I previously mentioned Singapore as being one of the most significant territories in the fintech revolution, and it is perhaps not surprising then that the Singaporean government has made every effort to support fintech development, including in immigration policy. In particular, a private–public partnership between the EDB and the Singapore-based FinTech Consortium has helped provide a physical co-working space for local fintech companies, aided and abetted by corporate incubation and other initiatives.

And the continent of Oceania has also seen fintech hubs emerge, as all geographical regions embrace this coming technology. The two major cities in Australia, Sydney and Melbourne have both made significant efforts to become active in the area of fintech. The State Government of Victoria has called for ‘experienced innovation hub operators’ to help the administration establish a fintech hub in Melbourne, with talks ongoing with operators to initiate this as soon as possible (Business Insider, 2018). This hub will aim to connect businesses with investors to strengthen the fintech ecosystem in Melbourne.

Eastern Europe has also seen its fair share of fintech players and hubs sprout up, and the Estonian government has been one of the early supporters of these initiatives. The government in Estonia has supported the fintech ecosystem, enabling it to gain momentum, via such efforts as the e-Estonia Initiative. This is a public-sector movement to help citizens to interact with the state through the use of automated solutions. E-services created under the initiative include i-Voting, e-Tax Board, e-Business, e-Banking, e-Ticket, e-School, and University via the internet.
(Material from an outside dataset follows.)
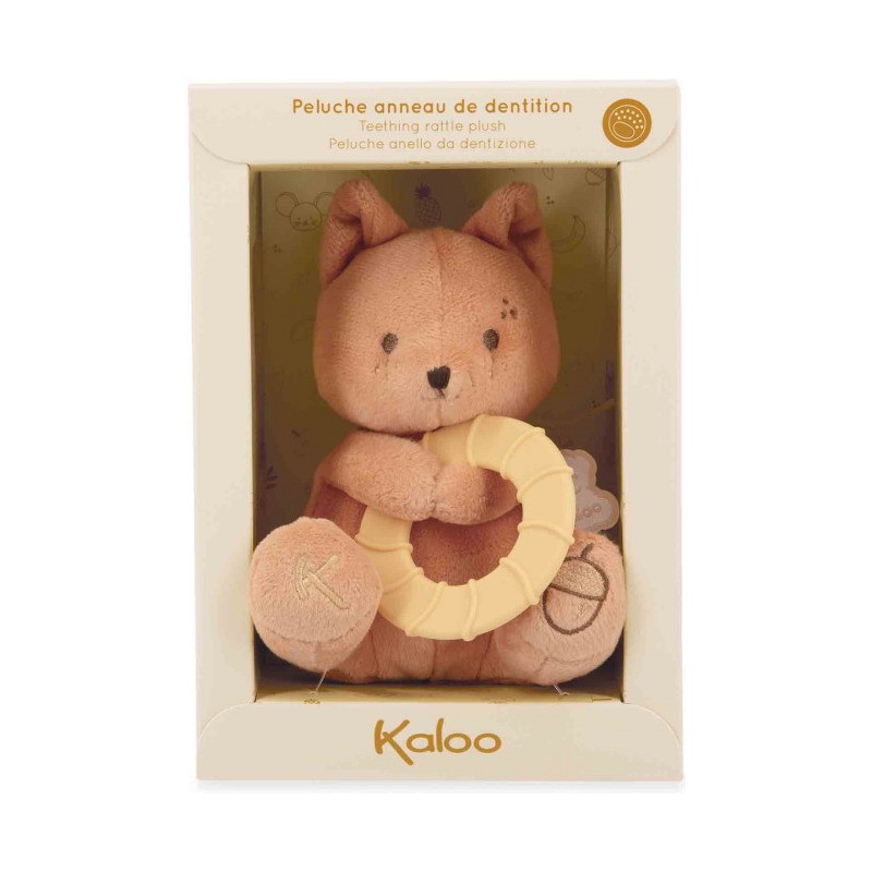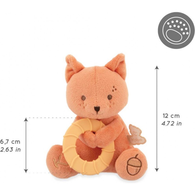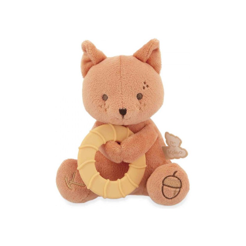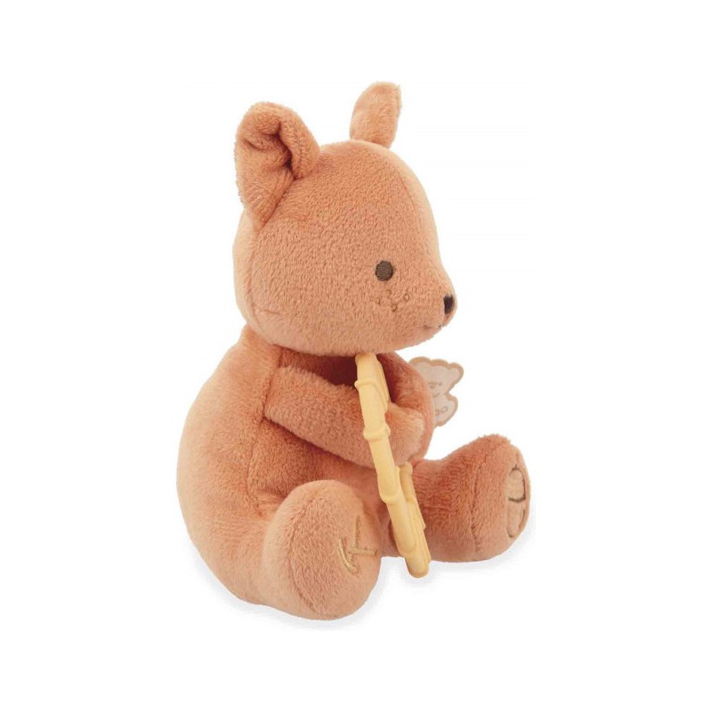 La peluche à offrir dès les premières poussées dentaires ! Accompagnée d'un anneau de dentition, elle apporte à la fois réconfort et apaisement à bébé. Entre ses pattes, cet adorable écureuil serre un anneau en silicone doté de reliefs conçu pour masser en douceur les gencives douloureuses de bébé. L'anneau mesure 12 cm et s'attrape facilement par les petites mains. Lorsque les dents travaillent, bébé peut mettre à sa bouche l'anneau à l'infini et faire de gros câlins à l'écureuil pour y trouver du réconfort. En plus de sa frimousse amicale, l'écureuil est en micro-velours, enveloppant bébé dans une incroyable douceur. Ce petit écureuil devient vite un repère affectif pour bébé, l’aidant à traverser les moments d’inconfort. C'est bien connu, l'écureuil adore les noisettes ! C'est pourquoi sa patte est habillée d’une jolie broderie en forme de ce fruit, idéale pour stimuler le toucher de bébé. Confectionnée avec soin, cette peluche est composée avec au moins 70% de matières recyclées, y compris son rembourrage en polyester recyclé. Adaptée aux petits dès 3 mois, elle peut être lavée en machine à 30° en cycle délicat, pour un entretien facile. Elle fait partie de la collection Grignoti : une gamme conçue pour soulager les maux liés aux poussées dentaires de bébé grâce à des compagnons grignoteurs qui invitent à mâchouiller et mordiller, tout en développant l'éveil gustatif.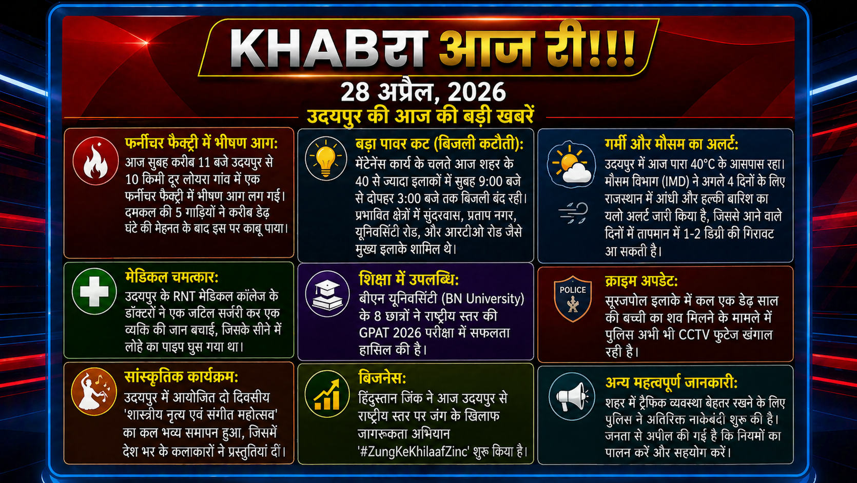 बड़ा पावर कट (बिजली कटौती): मेंटेनेंस कार्य के चलते आज शहर के 40 से ज्यादा इलाकों में सुबह 9:00 बजे से दोपहर 3:00 बजे तक बिजली बंद रही। प्रभावित क्षेत्रों में सुंदरवास, प्रताप नगर, यूनिवर्सिटी रोड, और आरटीओ रोड जैसे मुख्य इलाके शामिल थे।

However, perhaps the best-known example of fintech innovation in Estonia is the e-Residency programme, which helped Estonia become the first country in the world to offer electronic residency for non-natives in 2014. This programme enables non-residents to apply for smart ID cards, providing access to the various electronic services that have been established in Estonia.

Finnish online-only business bank Holvi has already announced a partnership with this programme, helping provide digital business banking for e-residents. The Estonian government has also created Start-ups Estonia, which is intended to support the local start-up ecosystem. It provides training programmes for start-ups, concentrates on educating local investors, helps to attract overseas investment, and delivers a raft of other benefits. This programme has been financed with €7 million of funding from the European Regional Development Fund.